Bank Lending
S&C’s lending practice includes the representation of buyers, sellers and borrowers in strategic contexts and the representation of arrangers in the design, negotiation and syndication of innovative facilities. Our bank lending practice involves every office of the Firm, with lawyers working together on cross-border transactions and financings throughout North America, South America, Europe and Asia.

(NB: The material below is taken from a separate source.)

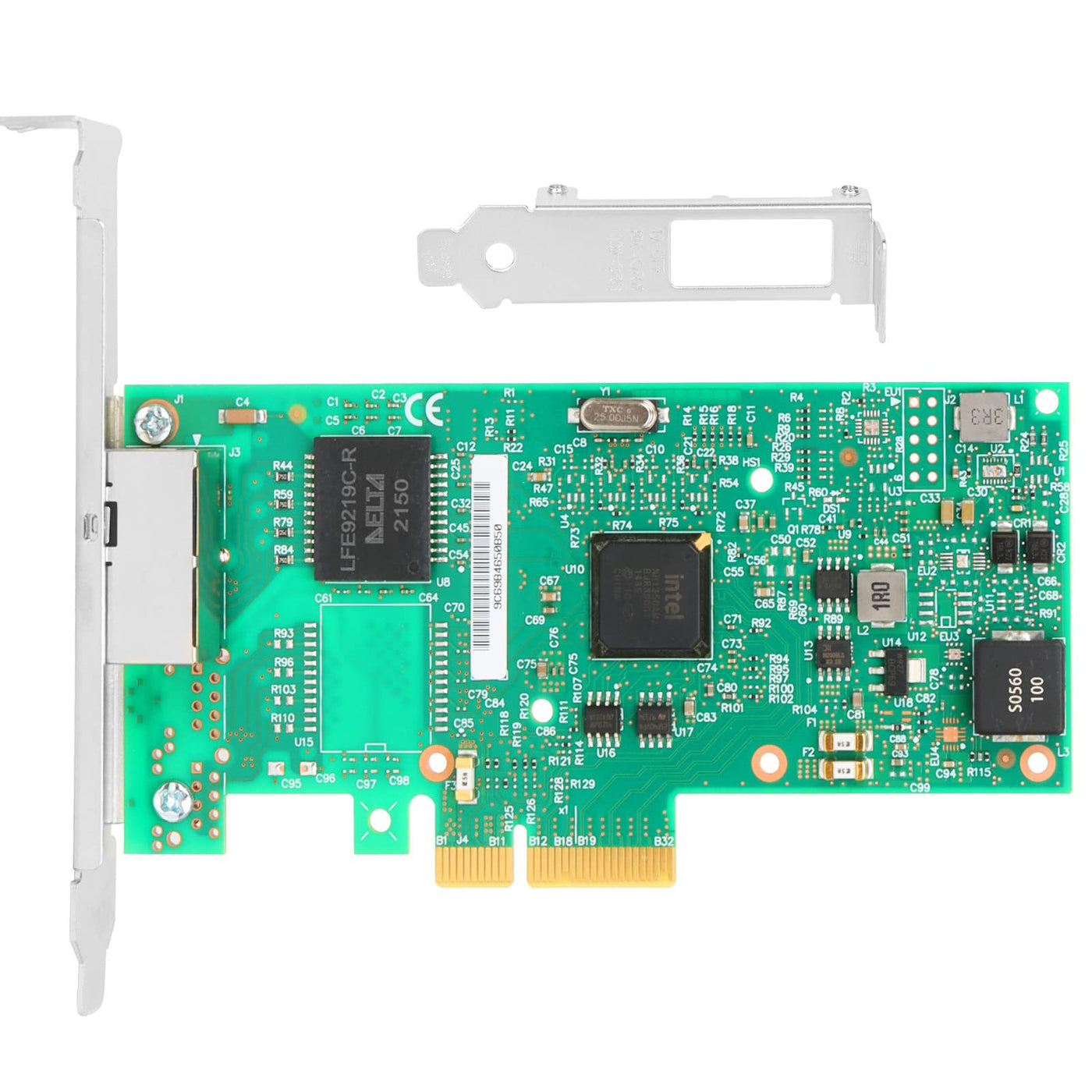 Q: What are the dimensions of the network card, and will it fit in a low-profile case?A: The network card measures 5.7 inches in length and 4.8 inches in width. It comes with both a low-profile bracket and a full-height bracket, allowing for easy installation in small form factor or low-profile computer cases.

S&C lawyers have experience with:
- large bridge financings, including roles on the acquisition financings for Philips Semiconductor, Toys “R” Us and others and familiarity with the financings involved in our significant M&A mandates such as HCA and Aramark;
- terms available to financial bidders in the U.S., London and Hong Kong loan markets, including the details of firm commitment letters in both the U.S. and European (“funds certain”) styles;
- the integration of sophisticated financial structures into standard acquisition commitment papers to lower financing costs (e.g., the design of the bridge-to-securitization structures for the Hertz and Neiman Marcus staple packages) or to reduce risk (e.g., the mitigation of sign-to-close energy price risk in the acquisition of the competitive generation business of Northeastern Utilities);
- asset-backed loans of all types;
- DIP and exit financings;
- loan securitizations;
- Term B, second lien and other common syndicated loan products in the financial institution, energy, commodity, media, telecommunications, gaming, retail, airline, automotive and other sectors; and
- novel PIK and mezzanine products, such as those utilized in the financing for the MBO of Peacock or pending private equity investments, emerging market financings and restructurings throughout Latin America, Africa and the former Soviet Union.